WHAT THIS TASK INVOLVES: Your answer must be the full listing below, restated word for word, with no pictures in it.

GIVEN INFORMATION:
Segment Open
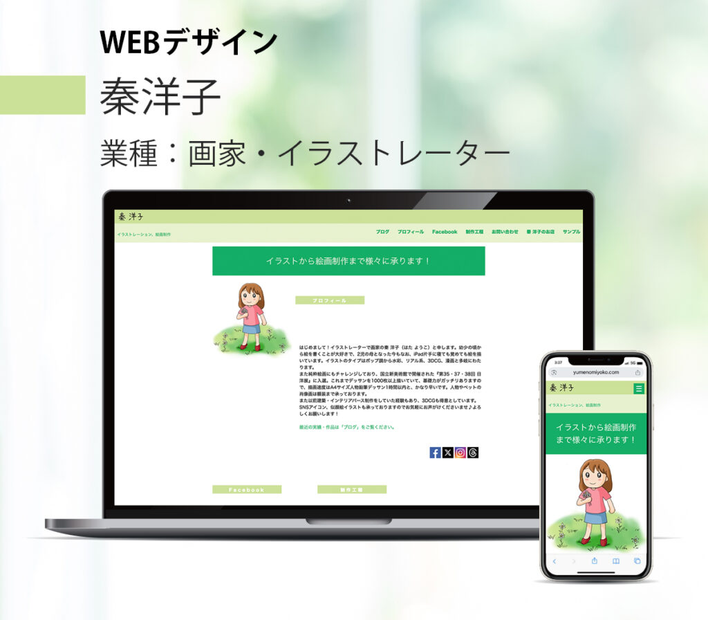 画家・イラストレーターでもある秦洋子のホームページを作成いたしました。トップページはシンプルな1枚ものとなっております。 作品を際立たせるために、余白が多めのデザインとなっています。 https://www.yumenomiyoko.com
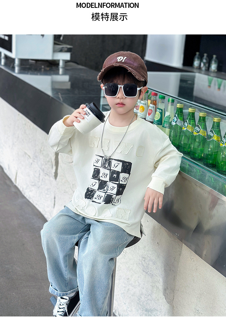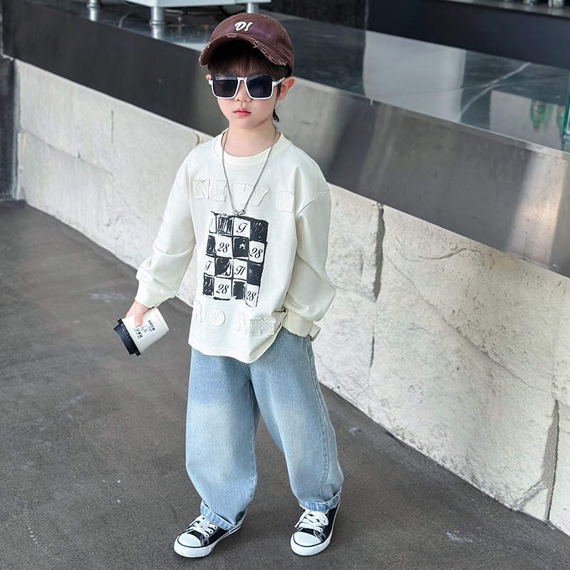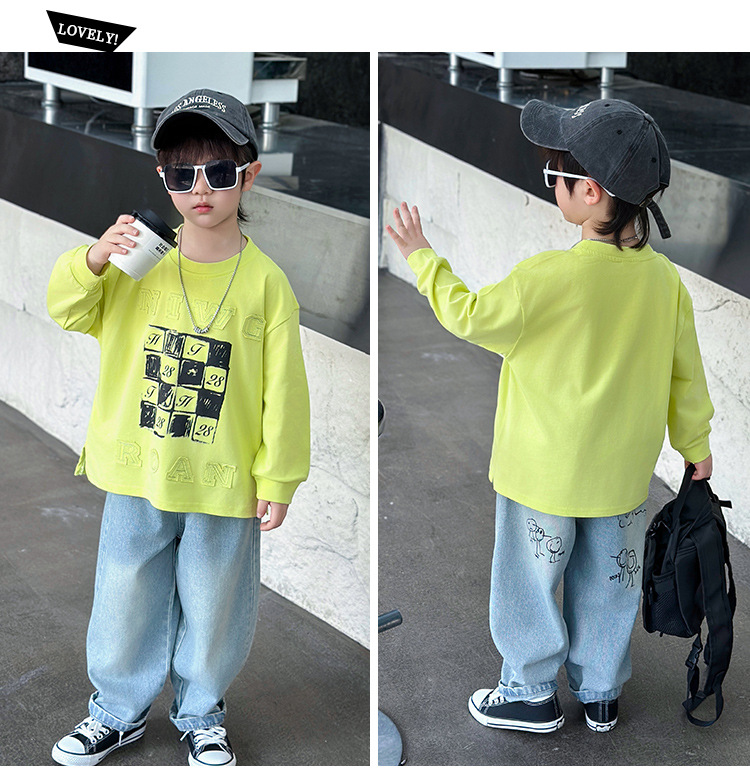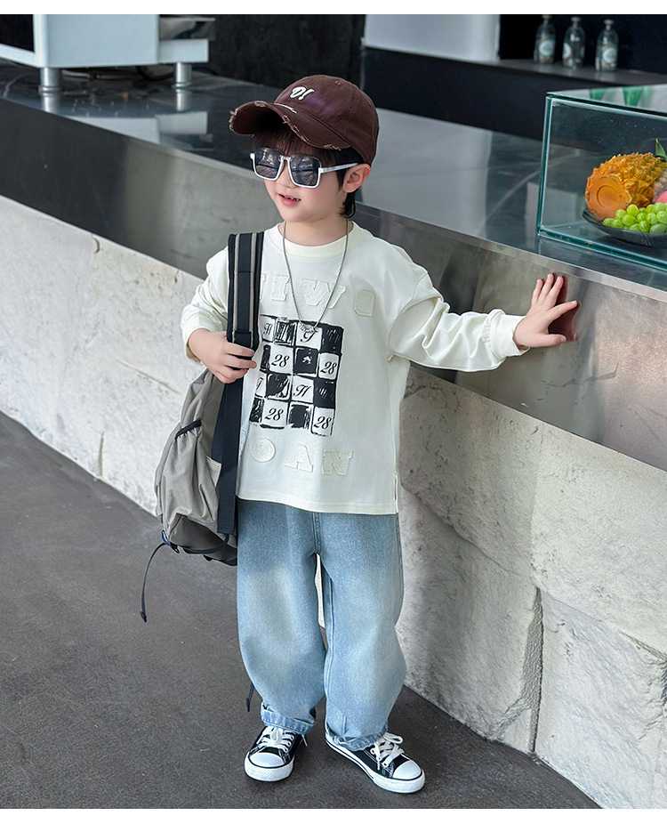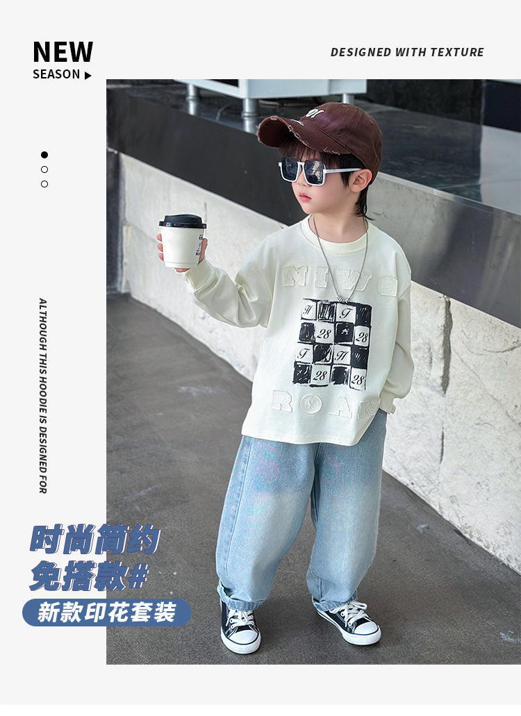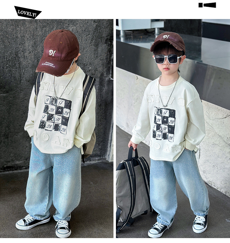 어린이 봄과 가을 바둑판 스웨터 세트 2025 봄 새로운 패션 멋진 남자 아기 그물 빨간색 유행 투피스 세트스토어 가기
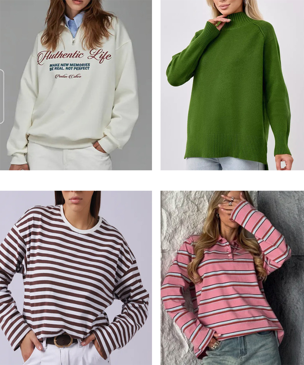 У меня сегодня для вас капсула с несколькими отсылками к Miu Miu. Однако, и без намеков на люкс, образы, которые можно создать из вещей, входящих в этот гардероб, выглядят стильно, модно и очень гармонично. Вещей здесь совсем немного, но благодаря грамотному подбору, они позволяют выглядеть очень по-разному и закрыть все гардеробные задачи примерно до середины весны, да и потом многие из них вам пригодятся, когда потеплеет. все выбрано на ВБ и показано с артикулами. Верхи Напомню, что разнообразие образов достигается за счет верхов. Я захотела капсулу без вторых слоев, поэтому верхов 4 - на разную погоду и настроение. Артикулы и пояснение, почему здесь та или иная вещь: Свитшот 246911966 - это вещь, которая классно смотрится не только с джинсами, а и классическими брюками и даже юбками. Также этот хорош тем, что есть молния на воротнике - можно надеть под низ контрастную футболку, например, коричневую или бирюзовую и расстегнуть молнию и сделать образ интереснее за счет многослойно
Segment Closed
WRITTEN SOLUTION:
 画家・イラストレーターでもある秦洋子のホームページを作成いたしました。トップページはシンプルな1枚ものとなっております。 作品を際立たせるために、余白が多めのデザインとなっています。 https://www.yumenomiyoko.com
 어린이 봄과 가을 바둑판 스웨터 세트 2025 봄 새로운 패션 멋진 남자 아기 그물 빨간색 유행 투피스 세트스토어 가기
 У меня сегодня для вас капсула с несколькими отсылками к Miu Miu. Однако, и без намеков на люкс, образы, которые можно создать из вещей, входящих в этот гардероб, выглядят стильно, модно и очень гармонично. Вещей здесь совсем немного, но благодаря грамотному подбору, они позволяют выглядеть очень по-разному и закрыть все гардеробные задачи примерно до середины весны, да и потом многие из них вам пригодятся, когда потеплеет. все выбрано на ВБ и показано с артикулами. Верхи Напомню, что разнообразие образов достигается за счет верхов. Я захотела капсулу без вторых слоев, поэтому верхов 4 - на разную погоду и настроение. Артикулы и пояснение, почему здесь та или иная вещь: Свитшот 246911966 - это вещь, которая классно смотрится не только с джинсами, а и классическими брюками и даже юбками. Также этот хорош тем, что есть молния на воротнике - можно надеть под низ контрастную футболку, например, коричневую или бирюзовую и расстегнуть молнию и сделать образ интереснее за счет многослойно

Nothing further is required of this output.